--- DATA SUPPLIED Enclosed Below ---

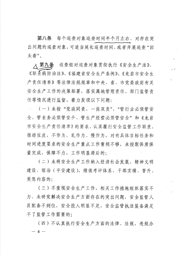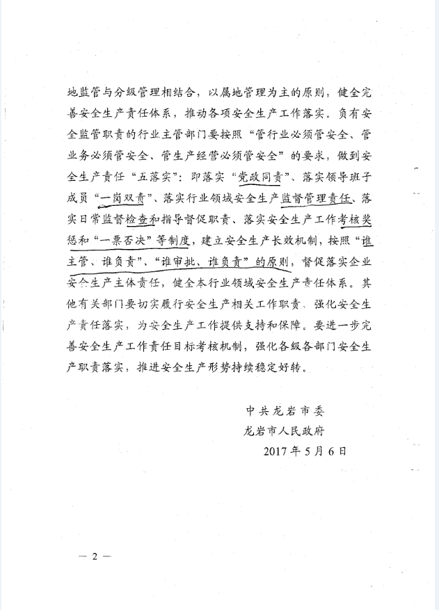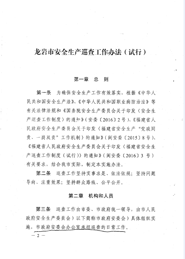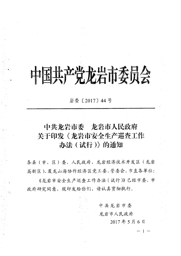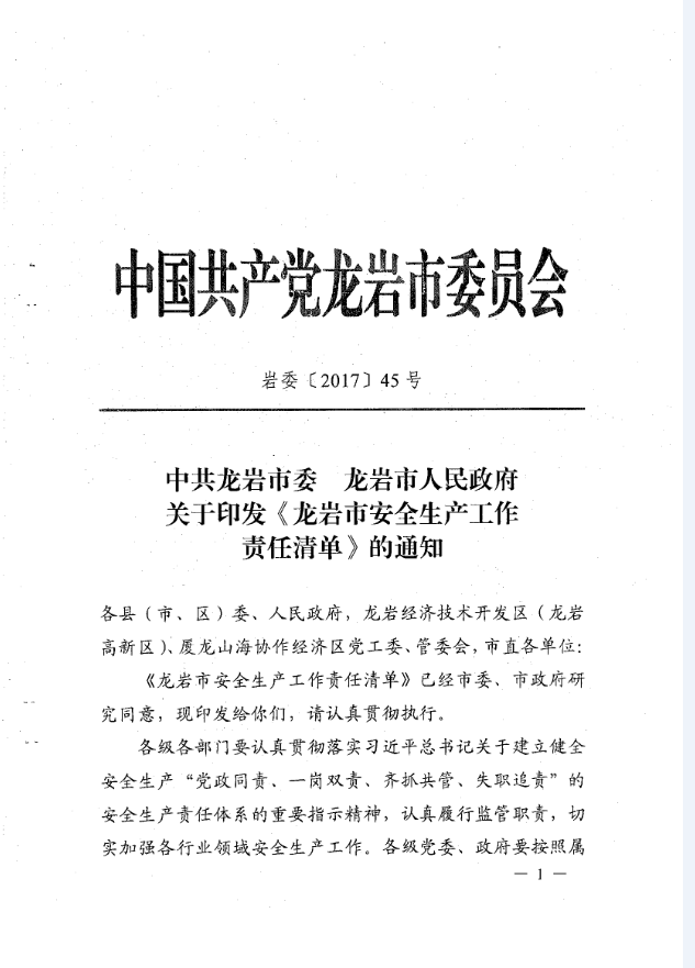 龍巖市安全生產責任清單及安全生產巡查工作辦法(巖委【2017】45)
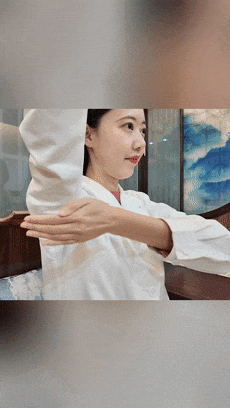 双手掌心分袂拍打对侧肘窝(尺泽穴、曲泉穴、少海穴)、腋窝(极泉穴、液渊穴、辄筋穴),足下反复,每组8拍,重叠2次。
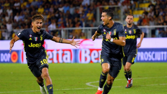 El portugués Cristiano Ronaldo impulsó con un gol a diez minutos del final el triunfo por 2-0 de la Juventus en el campo del Frosinone y, con su tercer tanto de la temporada, mantuvo a los turineses con el pleno de puntos tras cinco jornadas de la Serie A (Primera División).
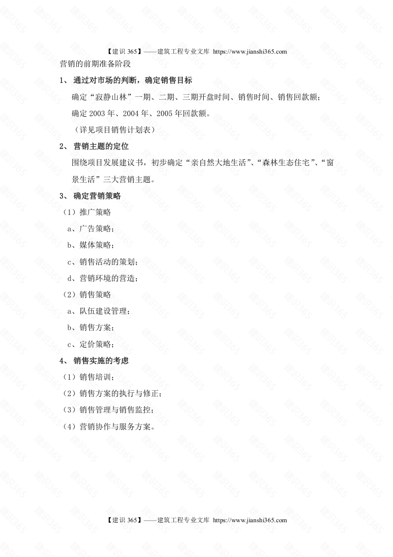 【建识365】一建筑工程专业文库https:fwww,jianshi365.com营销的前期准备阶段1、通过对市场的判断,确定销售目标确定“寂静山林”一期、二期、三期开盘时间、销售时间、销售回款额:确定2003年、2004年、2005年回款额。(详见项目销售计划表)2、营销主题的定位围绕项目发展建议书,初步确定“亲自然大地生活”、“森林生态住宅”、“窗景生活”三大营销主题。3、确定营销策略(1)推广策略a、广告策略:b、媒体策略:c、销售活动的策划:d、营销环境的营造:(2)销售策略a、队伍建设管理:b、销售方案:4、销售实施的考虑(1)销售培训:(2)销售方案的执行与修正:(3)销售管理与销售监控:(4)营销协作与服务方案。【建识365】一建筑工程专业文库https:/www.jianshi365.com
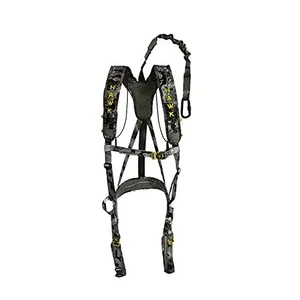 The HAWK ELEVATE LITE HUNTING HARNESS is engineered for ultimate comfort and concealment while you focus on the hunt. With its ultra-thin chassis and padded straps, this harness provides a snug and supportive fit. The harness features silent, quick-connect buckles for easy on and off, ensuring you stay stealthy during your adventures. Thanks to the memory foam fit technology, the harness maintains its shape, providing consistent support. The Chaos Black camo helps you blend seamlessly into your surroundings, making it easier to stay undetected. It's also designed with elastic binocular cables and flexible elements that enhance your mobility and accessibility.
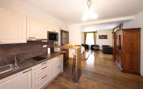Kompletně zařízené apartmány v zámeckém stylu s ručně vyřezávaným nábytkem. Dvou a čtyř lůžkové apartmány o rozloze od 26,98 m2 do 71,76 m2. Každý apartmán má vlastní koupelnu, obývací pokoj, vybavenou kuchyňku, ložnici, klimatizaci, trezor, SMART LED TV a WiFi zdarma. Kuchyňka je vybavena nádobím, sklokeramickou deskou, mikrovlnou troubou, lednicí s mrazákem, rychlovarnou konvicí. V koupelně jsou připraveny ručníky, kosmetika a vysoušeč vlasů. Můžete si vybrat z více variant podle vašich potřeb. Některé apartmány mají vlastní dřevěnou terasu s krásným výhledem na rybník a okolní přírodu. Jiné mají manželskou postel s nebesy v zámecké věžičce. Téměř všechny mají vanu.
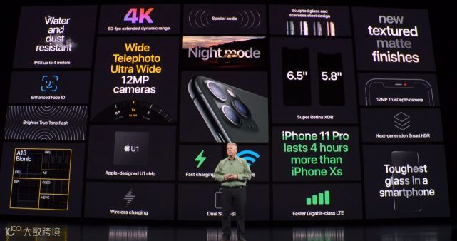 续航方面,iPhone 11 Pro比iPhone XS续航多4个小时,iPhone 11 Pro Max比XS高5小时续航。
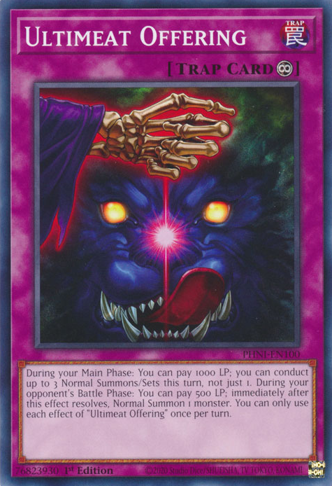Durante tu Main Phase: puedes pagar 1000 LP; puedes realizar hasta 3 Invocaciones Normales/Colocaciones este turno, no sólo 1. Durante la Battle Phase de tu adversario: puedes pagar 500 LP; inmediatamente después de que se resuelva este efecto, Invoca 1 monstruo de Modo Normal. Sólo puedes usar cada efecto de "Ofrenda Carfinitiva" una vez por turno.

--- End of Enclosed DATA SUPPLIED ---

**DIRECTIONS**. Please reproduce exactly and only the lines from the first line of the records through the line containing "The HAWK ELEVATE", both included, omitting any pictures.

**RESULT OF THIS EXERCISE**.
 龍巖市安全生產責任清單及安全生產巡查工作辦法(巖委【2017】45)
 双手掌心分袂拍打对侧肘窝(尺泽穴、曲泉穴、少海穴)、腋窝(极泉穴、液渊穴、辄筋穴),足下反复,每组8拍,重叠2次。
 El portugués Cristiano Ronaldo impulsó con un gol a diez minutos del final el triunfo por 2-0 de la Juventus en el campo del Frosinone y, con su tercer tanto de la temporada, mantuvo a los turineses con el pleno de puntos tras cinco jornadas de la Serie A (Primera División).
 【建识365】一建筑工程专业文库https:fwww,jianshi365.com营销的前期准备阶段1、通过对市场的判断,确定销售目标确定“寂静山林”一期、二期、三期开盘时间、销售时间、销售回款额:确定2003年、2004年、2005年回款额。(详见项目销售计划表)2、营销主题的定位围绕项目发展建议书,初步确定“亲自然大地生活”、“森林生态住宅”、“窗景生活”三大营销主题。3、确定营销策略(1)推广策略a、广告策略:b、媒体策略:c、销售活动的策划:d、营销环境的营造:(2)销售策略a、队伍建设管理:b、销售方案:4、销售实施的考虑(1)销售培训:(2)销售方案的执行与修正:(3)销售管理与销售监控:(4)营销协作与服务方案。【建识365】一建筑工程专业文库https:/www.jianshi365.com
 The HAWK ELEVATE LITE HUNTING HARNESS is engineered for ultimate comfort and concealment while you focus on the hunt. With its ultra-thin chassis and padded straps, this harness provides a snug and supportive fit. The harness features silent, quick-connect buckles for easy on and off, ensuring you stay stealthy during your adventures. Thanks to the memory foam fit technology, the harness maintains its shape, providing consistent support. The Chaos Black camo helps you blend seamlessly into your surroundings, making it easier to stay undetected. It's also designed with elastic binocular cables and flexible elements that enhance your mobility and accessibility.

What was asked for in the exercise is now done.